Chapter 2 - Statistical learning Flashcards
Explain typical (squared) bias, variance, training error, test error, and Bayes (or irreducible) error curves as we go from less flexible statistical learning methods towards more flexible approaches.
Exercise 2.4.3
Flexibility can be introduced by having more parameters where only using the mean is the simplest model.
Bayes error is an irreducible error. It is not possible to make a model better than that.
Training error will start relatively high when the model is not flexible, then it will be reduced once the flexibility increases. If the training error goes down below the Bayes error, the model is overfit.
Bias follows the training error, the better fit, the less error we have and the more flexible the model is, the more bias because we fit the points better.
Variance is the opposite to bias. Small changes in the input will have high impact in the response.
The test error will likely be higher than the training error at the start with a low flexibility model. Once the flexibility increases, the error will go down but eventually it will increase again. This leads to the trade-off between variance and bias. The test error increases when we start to overfit the model.
Describe the differences between a parametric and a non-parametric statistical learning approach.
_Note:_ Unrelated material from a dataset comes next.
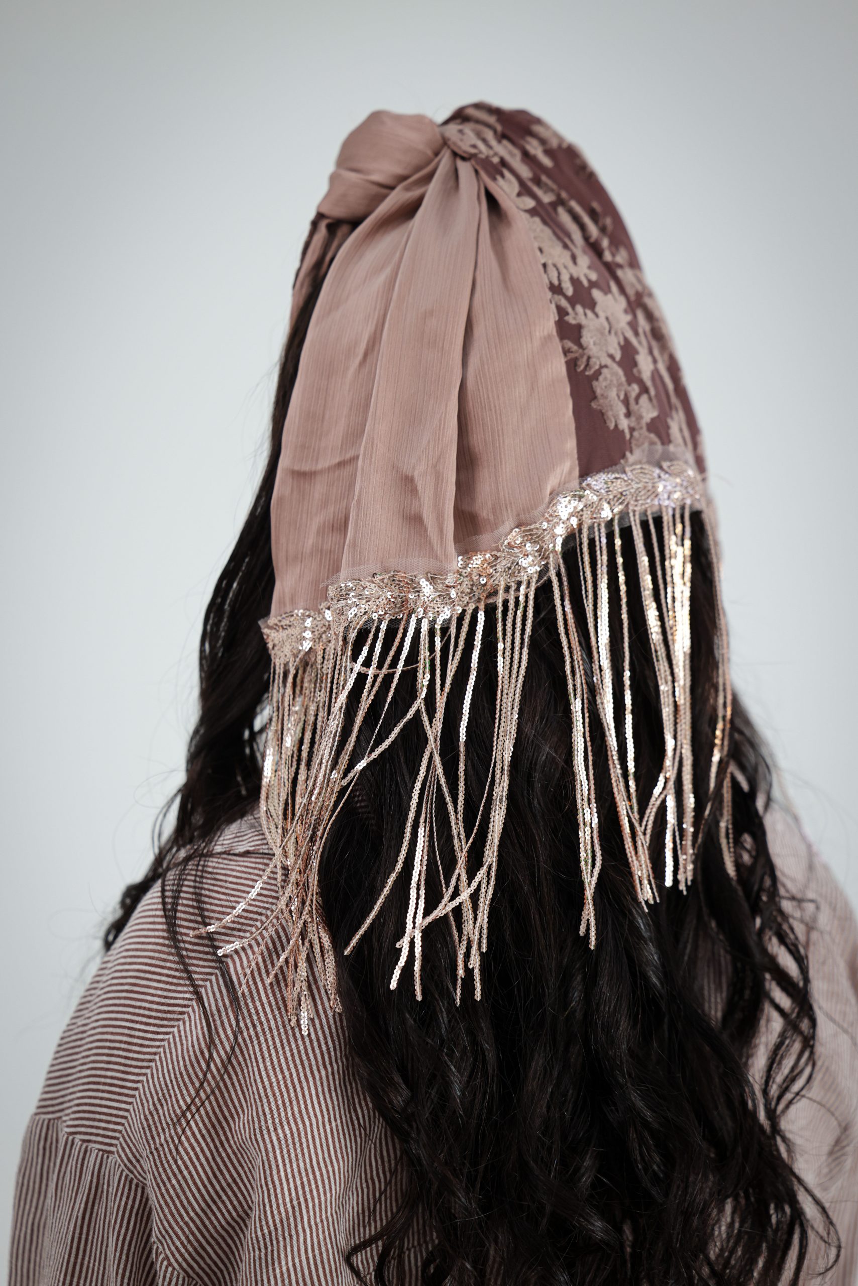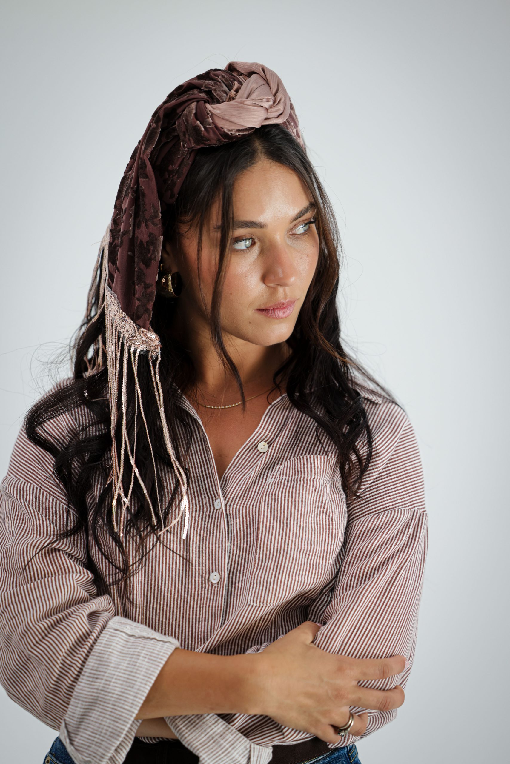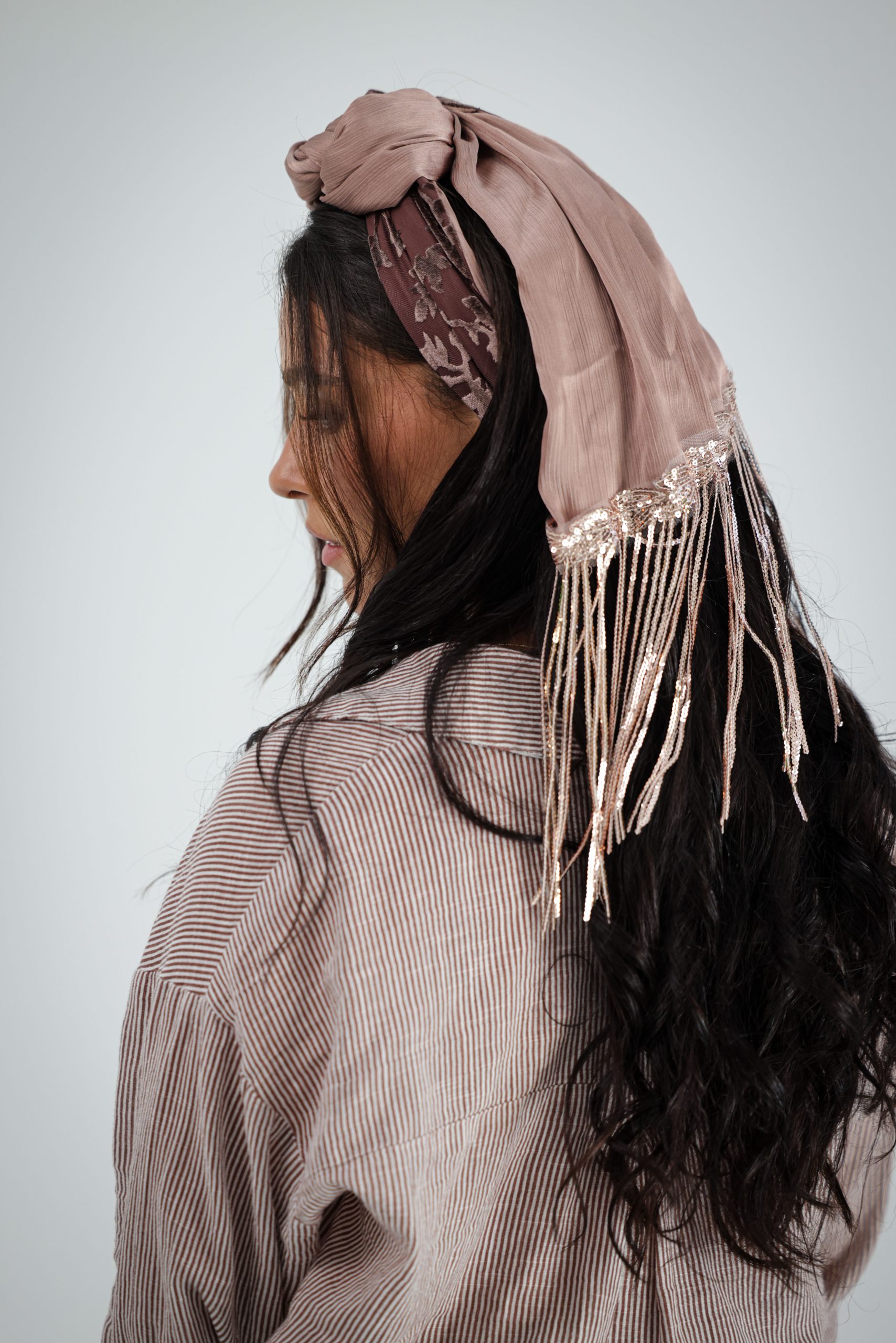 מטפחת לשיער עם חוט ברזל תפור בפנים ליצירת קשירות מגוונות ופשוטות. מקטיפה צרובה בטקסטורת עלים בגוון בורדו סגול כהה ומבד סאטן בגוון בורדו ורוד וסרט פייטים בקצה

What are the advantages of a parametric approach to regression or classification (as opposed to a non-parametric approach)? What are its disadvantages?
Exercise 2.4.6
Parametric approaches assume a form or relationship in the data, for example that it is linear. The problem then becomes reduced into estimating the parameters required for that assumed relationship.
Non-parametric approaches have no such assumption and there is no functional form. Using a non-parametric approach requires a very large dataset if we want to make accurate predictions.
Advantage of parametric approaches: Computations is much simpler, it is more interpretable, and requires less data. A parametric approach model will have less parameters which makes it more computationally efficient, and we do not need as many observations or a large dataset.
Disadvantage of parametric approaches: we might assume the wrong underlying function and if we choose to use a flexible model, there is a high risk of overfitting.
Advantages/Disadvantages of non-parametric approaches: we do not need any assumption about the underlying function or the relationship between the parameters but to find this, we require a large dataset. This type of model will work well for complex relations and many real-life applications since most things are not linear. Likely, the predictions will be better if we use a non-parametric model, but it is often a black box, and we cannot explain or interpret how it works. The risk of overfitting is high.
K-nearest neighbors - If the Bayes decision boundary in this problem is highly non linear, then would we expect the best value for K to be large or small? Why?
Exercise 2.4.7
The best value of K should be small because if we use a large value, then we will have to average over all the values which lead to a linear relation. Small values of K result in a KNN model that is more flexible and non-linear. Large values of K means that we use more datapoints in the KNN model and the decision boundary becomes closer to linear. → Highly non-linear boundaries should have a small value of K. More flexibility.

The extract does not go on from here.